December 2016 Monthly Outlook
The second estimate of Q3 GDP came in at 3.2%, stronger than the initial estimate of 2.9%, and the strongest quarterly economic growth rate in the last 2 years. Employment continued to expand in October with the unemployment rate dropping to 4.9%. The continued employment growth and stronger economic growth caused long term interest rates to jump sharply in November as the 10 year government yield increased 54 basis points to 2.37% at month end.
The Conference Board Leading Economic Index® (LEI) for the US increased 0.1% in October to 124.5. “The U.S. LEI increased in October for a second consecutive month. Although its six-month growth rate has moderated, the index still suggests that the economy will continue expanding into early 2017,” said Ataman Ozyildirim, Director of Business Cycles and Growth Research at The Conference Board. “The interest rate spread and average weekly hours were the main drivers of October’s improvement, helping to offset some of the weaknesses in claims for unemployment insurance and new orders.”
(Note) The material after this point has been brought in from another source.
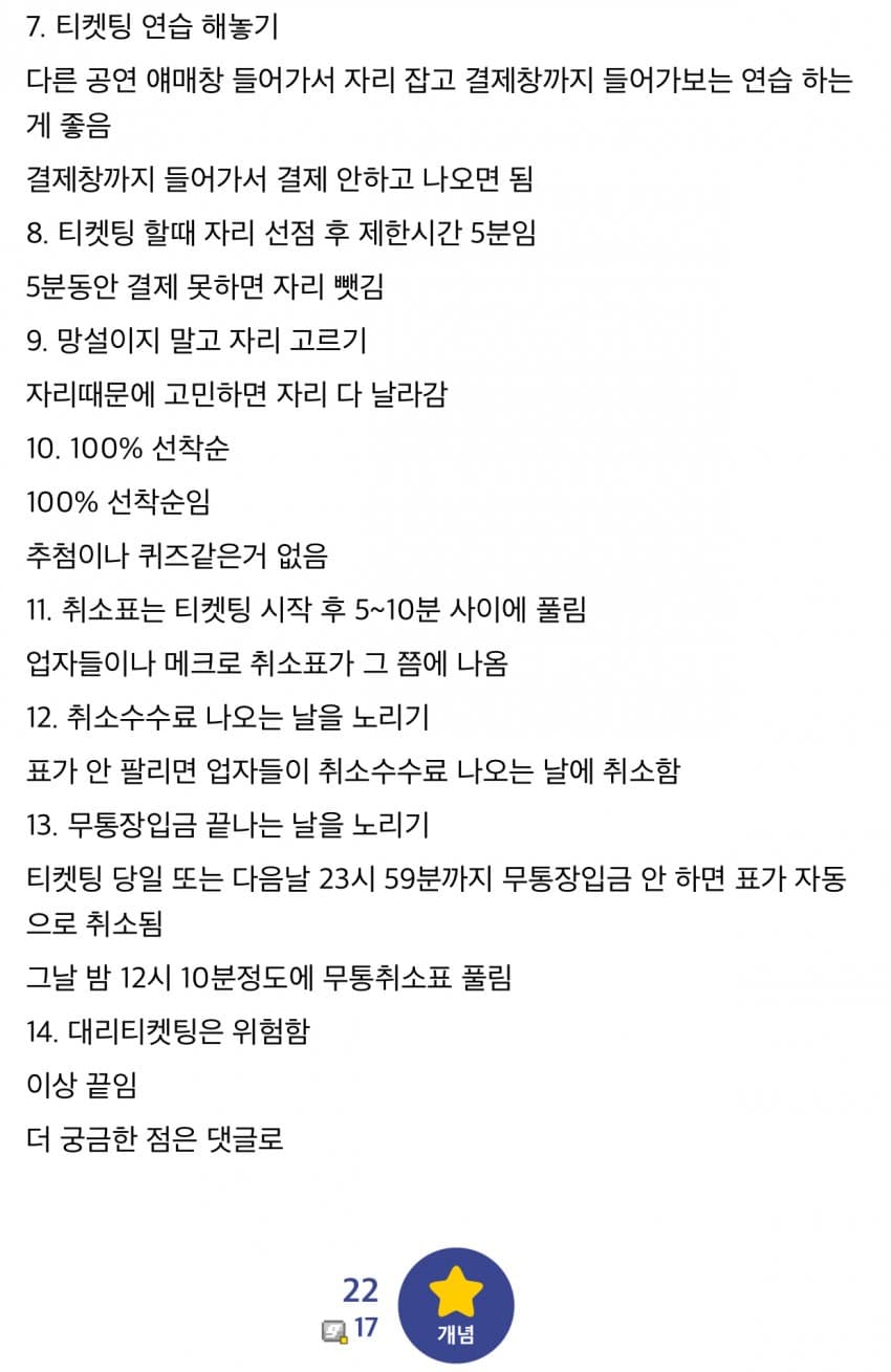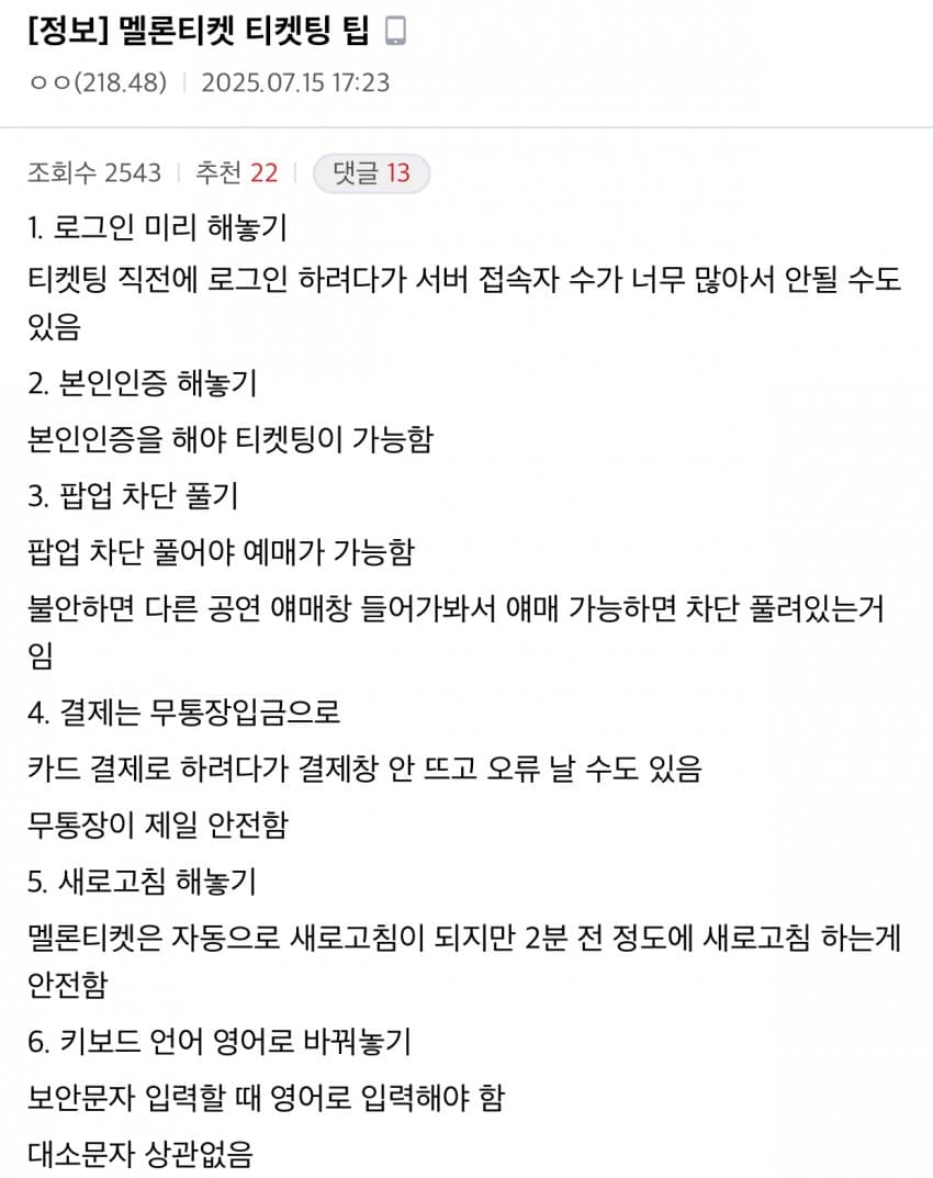 1. 로그인 미리 해놓기티켓팅 직전에 로그인 하려다가 서버 접속자 수가 너무 많아서 안될 수도 있음2. 본인인증 해놓기본인인증을 해야 티켓팅이 가능함3. 팝업 차단 풀기팝업 차단 풀어야 예매가 가능함불안하면 다른 공연

Indicators point to the US economy growing slowly (~2% annually) and being in the late stages of a long business up-cycle without major excesses that brought down some prior economic upturns.
Stock and Bond Market Commentary:
Before the US elections on November 8th, the markets were on edge and dropping slightly every day in the three weeks before the election. Around 9PM on Election Day when the market realized Donald Trump would likely win, Dow stock market futures dropped nearly 700 points, but by the time the market opened up the next morning it was flat and went up consistently the remainder of the month. Since the election everyone has been speculating on what a Trump administration means for the economy and stocks. The initial reaction of the markets has been to sell the safest asset classes and buy the riskiest assets classes and sectors on the hope Trump administration policies will create higher inflation. Thus far, the markets seem to think the new administration will reduce regulations on the banking industry, which caused the financial sector to increase a whopping 14% in November. Further the markets are speculating on increased infrastructure spending, which drove the industrials and materials sectors to increase 9% and 7% respectively.
The bond markets did not respond as favorably post-election with interest rates increasing 54 basis points in November, sending the bond markets down 2.57% and the Real Estate sector down 2.34%. In line with the theme of selling safer assets and sectors, the consumer staples sector tumbled 4% and the utilities sector dropped 5%. While its seems everyone is trying to position their portfolios to best take advantage of a Trump administration, it is important to remember that anything the new administration proposes will take several months, if not years, to implement. And further, it will take several years to determine the effects of these policies on the markets.